We can use 3 points as an example:

  1. Device emulators: First, what is the meaning of emulator? Well, it is a tool used by game developers to create a virtual device environment to test different app features. But the problem here is that fraudsters use these to imitate users' interactions and create fake ones.
  2. VPN: A VPN is a ‘virtual private network’. It is a digital tool that redirects your internet traffic through a secure tunnel, hiding your IP address and encrypting your data. Fraudsters make a massive use of this tool to hide their IP addresses and to avoid being blacklisted.
  3. Malware: Surely you read this word in the previous paragraphs and wondered what exactly it was, well here there is a more accurate definition: It is a malicious software intentionally designed to cause damage to a device, server, client, or computer network. Which are its main activities? Falsifying data and exploiting advertisers as well as users.

Coming back to the initial question of this section, understanding the percentage of fraud in your vertical/industry can be very useful. Did you know that almost one in three app installs is fraudulent? The average install fraud rate for non-gaming apps currently stands at 31.8%.

In the fraud scale gaming apps are the least harmed with a fraud rate only for 3.8% because of their lower CPI’s rates (cost per install), as they focused on engaged users.

Whereas, finance, travel and shopping apps have a high install fraud presence because of their relatively high CPIs and marketing budgets. Also the fact that some of them are new in digital advertisement can be a signal.

Do not forget that the difference of fraud between operation systems like iOS and Android, is another essential fact to have in account. Why?
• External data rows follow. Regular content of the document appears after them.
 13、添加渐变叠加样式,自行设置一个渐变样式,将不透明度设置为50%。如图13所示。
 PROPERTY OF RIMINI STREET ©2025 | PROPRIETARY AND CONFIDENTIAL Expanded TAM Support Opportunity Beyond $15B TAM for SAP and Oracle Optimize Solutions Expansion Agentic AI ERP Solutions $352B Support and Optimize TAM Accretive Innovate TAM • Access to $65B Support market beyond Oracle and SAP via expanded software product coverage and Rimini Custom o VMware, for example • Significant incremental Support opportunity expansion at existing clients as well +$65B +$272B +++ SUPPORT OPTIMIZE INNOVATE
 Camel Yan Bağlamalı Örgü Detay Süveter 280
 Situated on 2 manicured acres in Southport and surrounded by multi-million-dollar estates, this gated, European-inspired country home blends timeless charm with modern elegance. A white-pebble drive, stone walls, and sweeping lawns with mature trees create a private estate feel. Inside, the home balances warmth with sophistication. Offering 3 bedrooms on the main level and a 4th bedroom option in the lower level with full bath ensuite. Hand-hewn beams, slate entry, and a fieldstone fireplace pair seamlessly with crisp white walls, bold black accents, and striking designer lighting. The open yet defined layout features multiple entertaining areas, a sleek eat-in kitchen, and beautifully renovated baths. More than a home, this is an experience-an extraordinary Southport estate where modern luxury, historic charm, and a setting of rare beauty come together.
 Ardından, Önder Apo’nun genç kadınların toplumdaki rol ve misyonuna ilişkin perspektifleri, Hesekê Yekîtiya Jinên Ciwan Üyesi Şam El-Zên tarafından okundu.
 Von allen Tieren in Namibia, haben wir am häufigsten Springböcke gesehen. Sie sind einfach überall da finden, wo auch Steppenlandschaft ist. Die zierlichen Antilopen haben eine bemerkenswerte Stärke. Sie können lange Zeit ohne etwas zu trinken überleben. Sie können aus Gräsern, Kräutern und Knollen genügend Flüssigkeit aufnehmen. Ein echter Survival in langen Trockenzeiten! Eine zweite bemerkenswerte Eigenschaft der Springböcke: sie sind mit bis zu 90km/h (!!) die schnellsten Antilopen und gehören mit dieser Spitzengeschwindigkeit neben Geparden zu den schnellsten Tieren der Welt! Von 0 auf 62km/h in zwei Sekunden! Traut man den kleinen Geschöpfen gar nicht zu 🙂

Because even though iOS is vulnerable, Android suffers from over 6x higher install fraud rates. This last one operates an open-for-all OS, which attracts fraudsters seeking opportunities. While iOS, instead, includes a strict vetting process for apps seeking to enter its store.

Key takeaways


Best practices

Invest in anti-fraud solutions and if you are affiliated with a marketing software, make sure it already has one. Also, pay attention to unusual traffic patterns, high CTR  with low conversion rates and to unreasonably low or high time-to-install.

5 things marketers should remember

  1. Mobile ad fraud can be classified under two main categories, and each of them have different methods that can differ in methodology, technology and scale.
  2. Understand where in the fraud scale your industry stands.
  3. Data analysis can help you to collect important information to identify fraudulent activities faster and more efficiently.
  4. Understanding common fraudsters' tools can be very useful.
  5. Remember: Wherever the money is, fraud is likely to be there.

To sum up, knowing that fraudsters are inventive and creative is a key point to anticipate the facts. Do always pay attention and be informed about this issue because their methods evolve over time to adapt and bypass industry regulations and anti-fraud defence mechanisms.

If marketing campaigns begin to be planned with an anti-fraud security plan from the beginning, the loss of time and money can be easily avoided. Technology continues to develop at extreme levels and precisely mobile marketing is an area that cannot be left behind.